Dataset records:
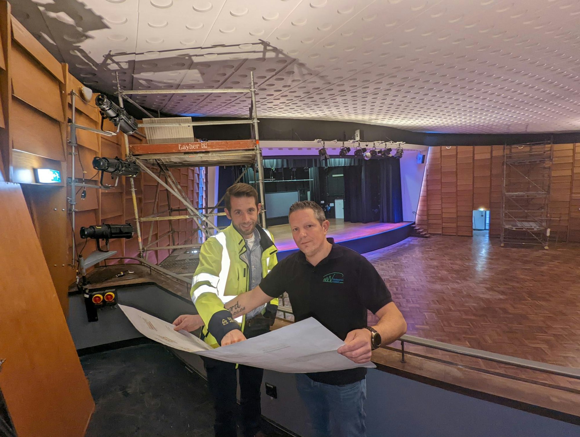 Den Bestuhlungsplan begutachten Teamleiter Christoff Jakobs und Haustechniker Daniel Platen auf der Baustelle im großen Saal.
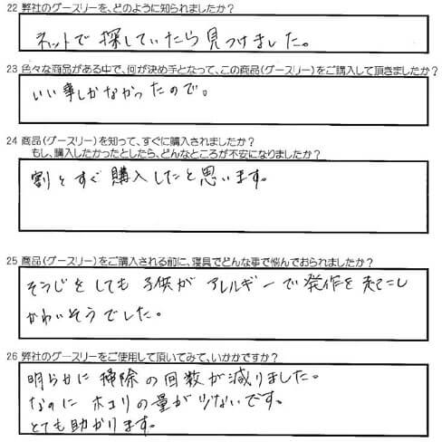 旦那さんが朝起きた際に湿疹(首回り、足等直接寝具と触れる所)がひどい為、病院に行ったところダニアレルギーである事が先日分かった。夫婦で悩んでいた際、この布団を紹介してもらった。 実際に使ってみて、ダニに刺される事がなくなり、旦那さんは非常に喜んで安心して眠れている。
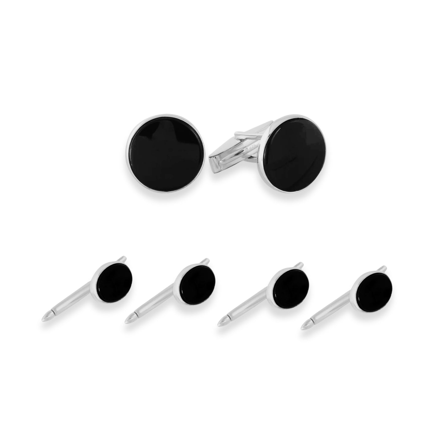 The Lanam Shop Sterling Silver Round Onyx Tuxedo Stud Set
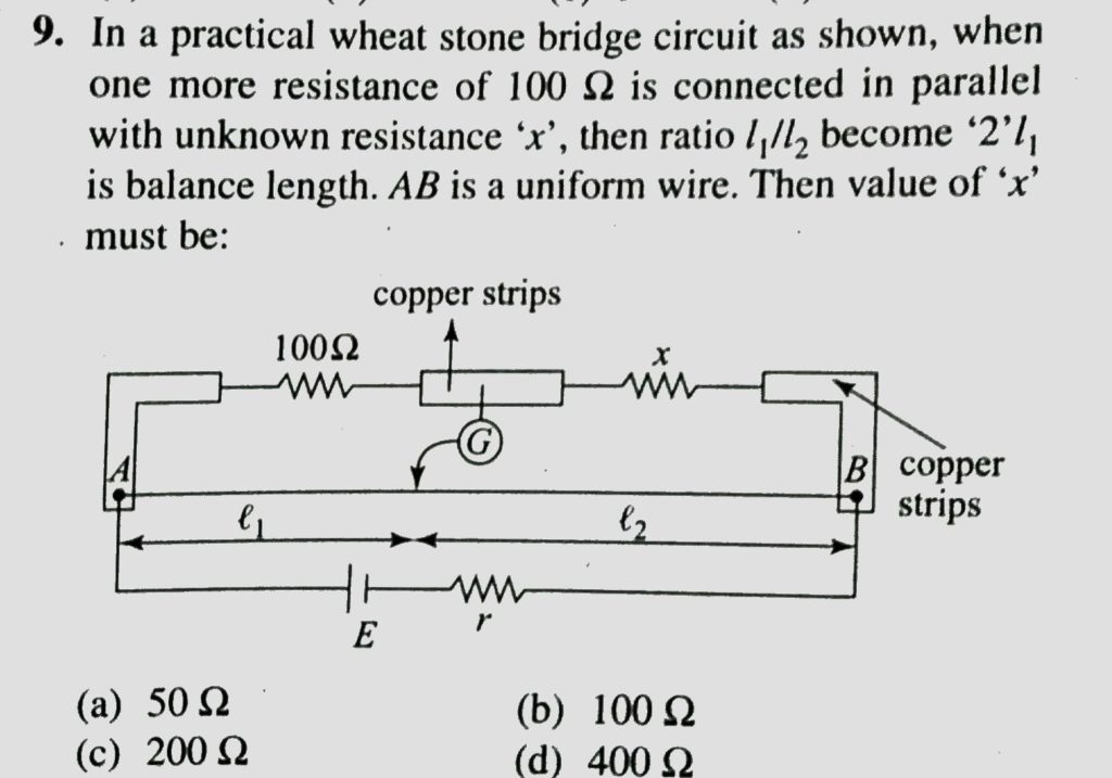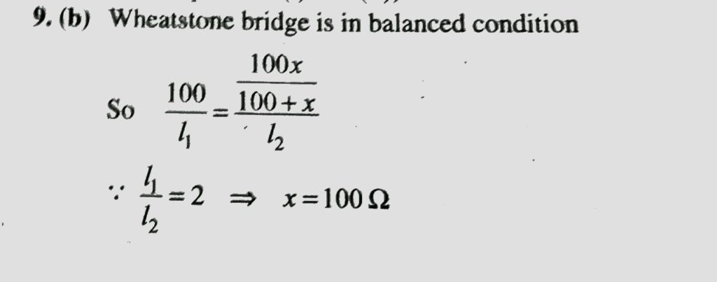 In a practical wheat stone bridge circuit as shown, when one more resistance of 100Ω is connected in parallel with unknown resistance ‘x’, then ratio l1/l2 become ‘2’l1 is balance length , AB is a uniform wire. Then value of ‘x’ must be : AB is a uniform wire. Then value of 'x' must be : In a practical wheat stone bridge circuit as shown then ratio l1/l2 become '2'l1 is balance length when one more resistance of 100Ω is connected in parallel with unknown resistance 'x' September 20, 2020 Category: Uncategorised (JEE Advanced Physics by BM Sharma + GMP Solutions) , Facebook Messenger WhatsApp Share this:TwitterFacebook Related
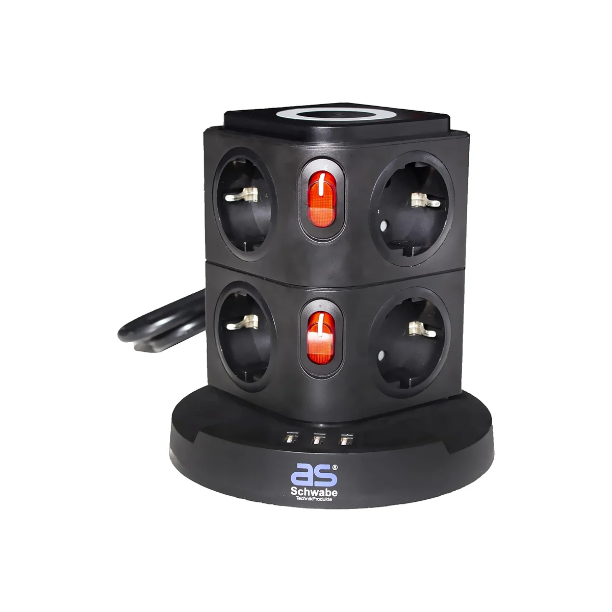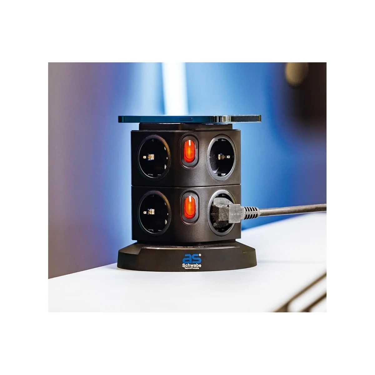 - z 2 podświetlanymi włącznikami do włączania i wyłączania, po 4 gniazda z uziemieniem na poziom
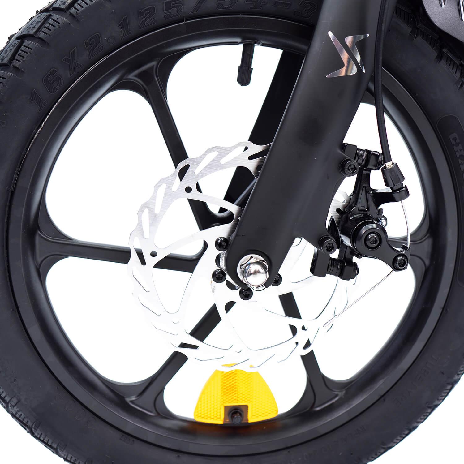 Equipada con un motor eléctrico de 250W y batería de litio de 36V 10Ah, alcanza fácilmente hasta 60 km de autonomía por carga, con una velocidad máxima asistida de 25 km/h, cumpliendo con la normativa europea. Su estructura plegable y ruedas de 16” resistentes la convierten en una opción ideal para desplazamientos urbanos, fácil de guardar o transportar.
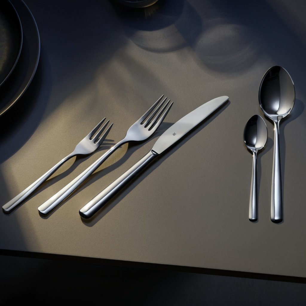 WMF boston-ruokailuvälineet modernissa sileässä muodossa ilman turhia kuvioita ovat mutkattomia jokapäiväiseen käyttöön. Ihanteellinen niille, jotka pitävät yksinkertaisista muodoista. Ruokailuvälineiden pituus ja mittasuhteet ovat sopusoinnussa, joten ne voidaan yhdistää sekä moderniin että perinteiseen.
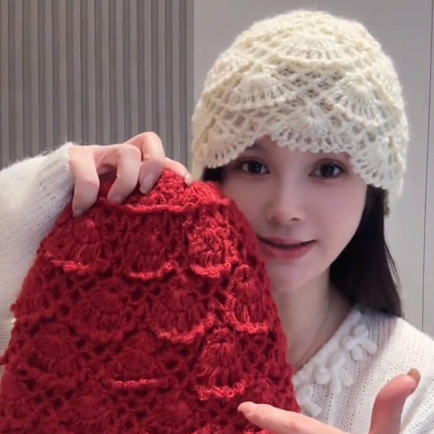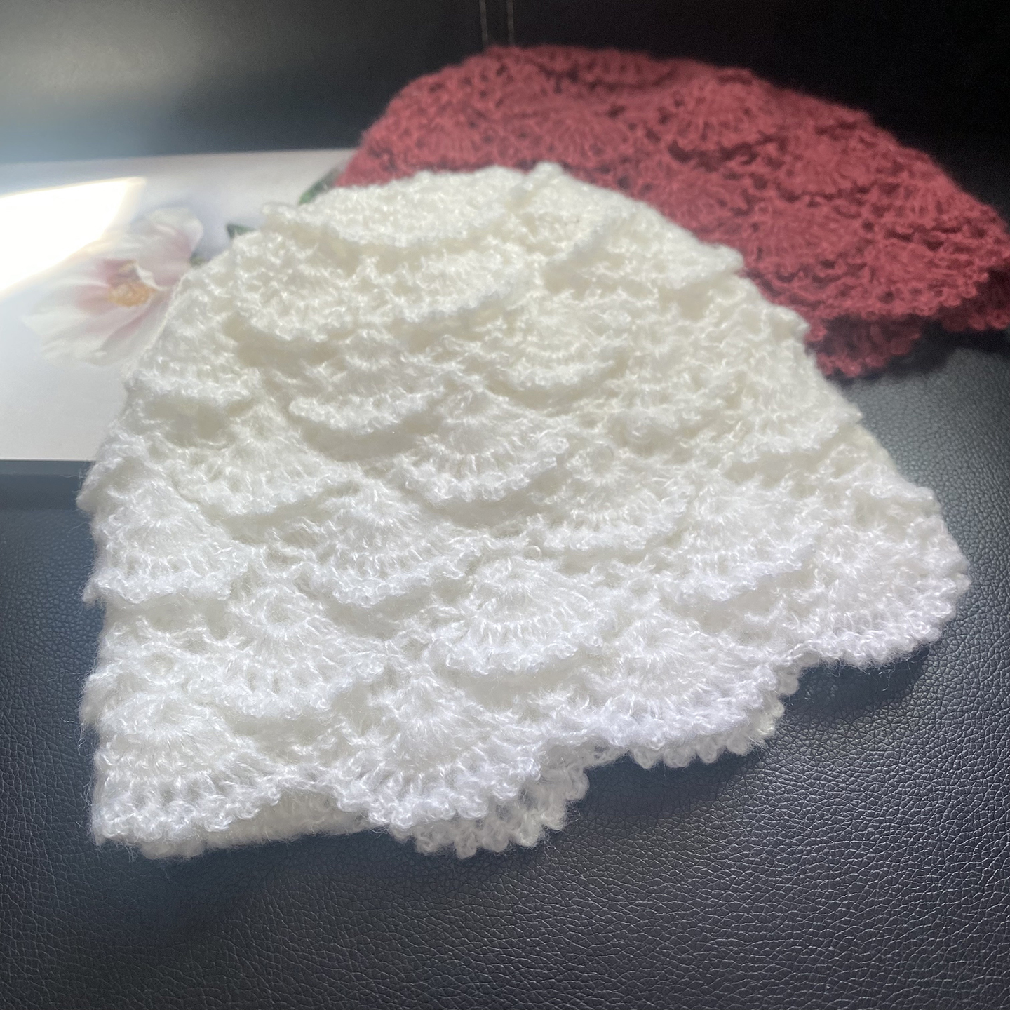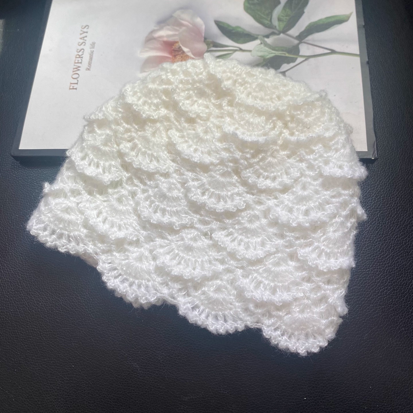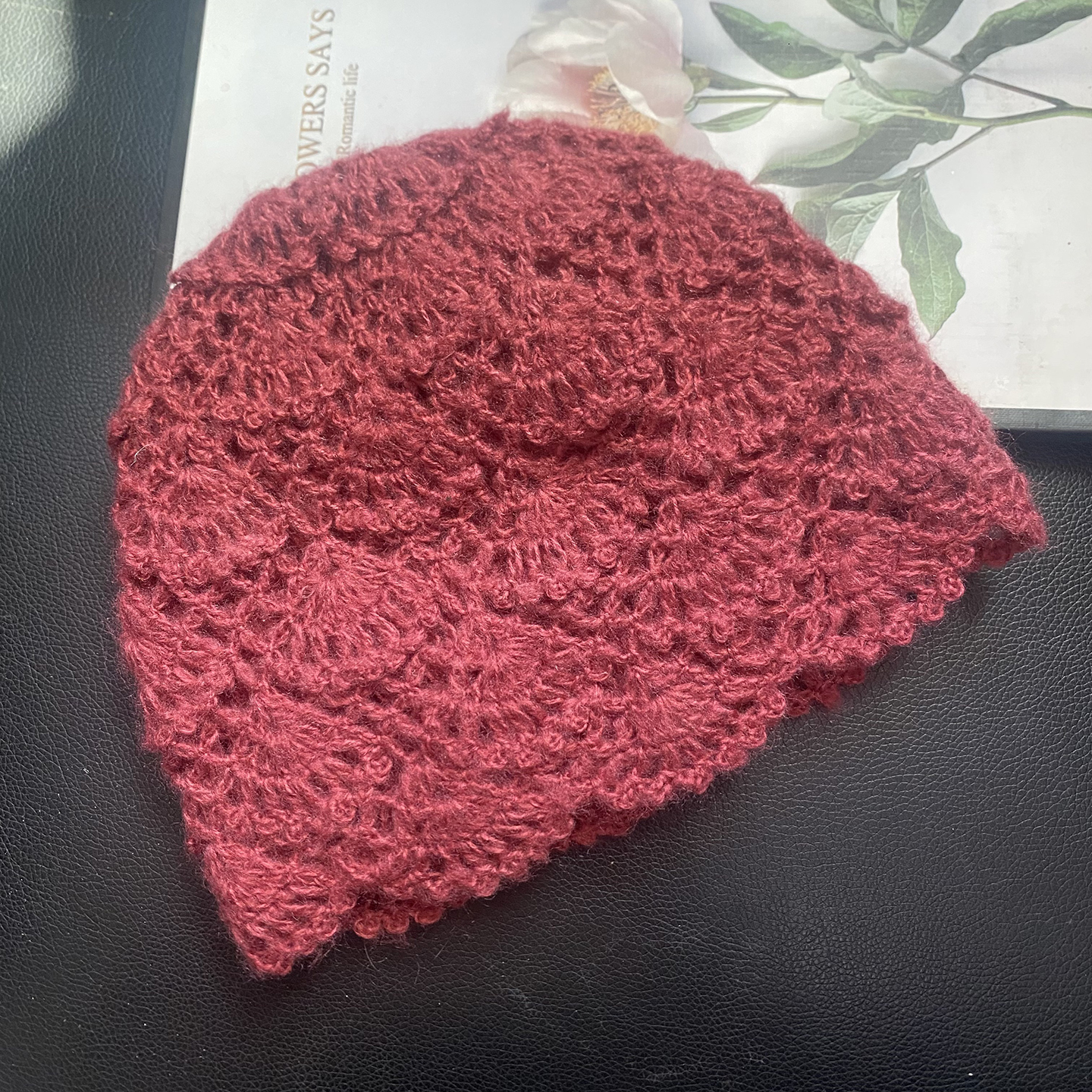 韩系手工钩花镂空马海毛针织帽

■ Exercise goal ■
An exact copy of the records above is needed, with the pictures removed.

■ Response ■
 Den Bestuhlungsplan begutachten Teamleiter Christoff Jakobs und Haustechniker Daniel Platen auf der Baustelle im großen Saal.
 旦那さんが朝起きた際に湿疹(首回り、足等直接寝具と触れる所)がひどい為、病院に行ったところダニアレルギーである事が先日分かった。夫婦で悩んでいた際、この布団を紹介してもらった。 実際に使ってみて、ダニに刺される事がなくなり、旦那さんは非常に喜んで安心して眠れている。
 The Lanam Shop Sterling Silver Round Onyx Tuxedo Stud Set
 In a practical wheat stone bridge circuit as shown, when one more resistance of 100Ω is connected in parallel with unknown resistance ‘x’, then ratio l1/l2 become ‘2’l1 is balance length , AB is a uniform wire. Then value of ‘x’ must be : AB is a uniform wire. Then value of 'x' must be : In a practical wheat stone bridge circuit as shown then ratio l1/l2 become '2'l1 is balance length when one more resistance of 100Ω is connected in parallel with unknown resistance 'x' September 20, 2020 Category: Uncategorised (JEE Advanced Physics by BM Sharma + GMP Solutions) , Facebook Messenger WhatsApp Share this:TwitterFacebook Related
 - z 2 podświetlanymi włącznikami do włączania i wyłączania, po 4 gniazda z uziemieniem na poziom
 Equipada con un motor eléctrico de 250W y batería de litio de 36V 10Ah, alcanza fácilmente hasta 60 km de autonomía por carga, con una velocidad máxima asistida de 25 km/h, cumpliendo con la normativa europea. Su estructura plegable y ruedas de 16” resistentes la convierten en una opción ideal para desplazamientos urbanos, fácil de guardar o transportar.
 WMF boston-ruokailuvälineet modernissa sileässä muodossa ilman turhia kuvioita ovat mutkattomia jokapäiväiseen käyttöön. Ihanteellinen niille, jotka pitävät yksinkertaisista muodoista. Ruokailuvälineiden pituus ja mittasuhteet ovat sopusoinnussa, joten ne voidaan yhdistää sekä moderniin että perinteiseen.
 韩系手工钩花镂空马海毛针织帽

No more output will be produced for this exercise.